** Opening Dataset excerpt block **

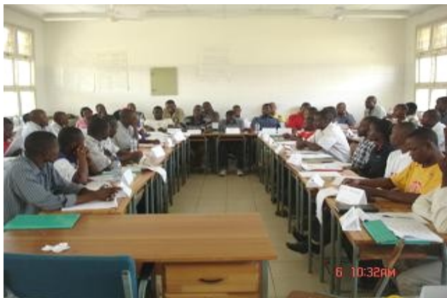
docentes de disciplina durante a capacitação em matérias de ensino a distancia em Vilankulos-Inhambane

Promover a formação à distância de professores em exercício e de cidadãos não cobertos pelo sistema do ensino presencial e ou outros com outras necessidades .
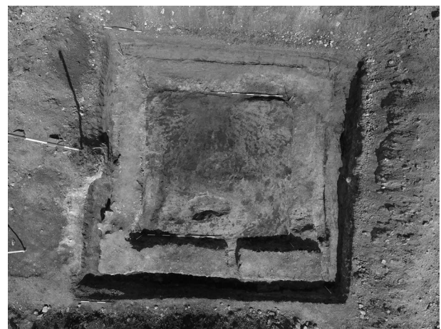
Obr. 23. Křenovice, „Přední“. Půdorys šibenice.

Lidské i ojedinělé zvířecí kosti se našly v neanatomické poloze. Jednalo se minimálně o 15 lidských jedinců, z čehož byl minimálně jeden ženského pohlaví. Při odkryvu pozůstatků šibenice se našly nepříliš četné zlomky keramiky. Kromě pěti zlomků, které pocházejí patrně z nádob pravěkého či raně středověkého stáří, jsou ostatní zlomky rámcově novověké. Nalezená spínadla, sestávající z drátěného háčku a očka, nalezená v areálu slavkovské šibenice v počtu čtyř háčků a jednoho háčku s očkem, byla běžnou součástí oděvů od 15. století. Dále se našly dva hřebíky s příčnou hlaví, které bývaly patrně součástí konstrukce šibenice, část podkovy, kruhová zděř, dva zlomky skla pochá-

** Closing Dataset excerpt block **

■ Problem description
Drop the pictures; repeat the listing above exactly.

■ Solution to this task
docentes de disciplina durante a capacitação em matérias de ensino a distancia em Vilankulos-Inhambane

Promover a formação à distância de professores em exercício e de cidadãos não cobertos pelo sistema do ensino presencial e ou outros com outras necessidades .
Obr. 23. Křenovice, „Přední“. Půdorys šibenice.

Lidské i ojedinělé zvířecí kosti se našly v neanatomické poloze. Jednalo se minimálně o 15 lidských jedinců, z čehož byl minimálně jeden ženského pohlaví. Při odkryvu pozůstatků šibenice se našly nepříliš četné zlomky keramiky. Kromě pěti zlomků, které pocházejí patrně z nádob pravěkého či raně středověkého stáří, jsou ostatní zlomky rámcově novověké. Nalezená spínadla, sestávající z drátěného háčku a očka, nalezená v areálu slavkovské šibenice v počtu čtyř háčků a jednoho háčku s očkem, byla běžnou součástí oděvů od 15. století. Dále se našly dva hřebíky s příčnou hlaví, které bývaly patrně součástí konstrukce šibenice, část podkovy, kruhová zděř, dva zlomky skla pochá-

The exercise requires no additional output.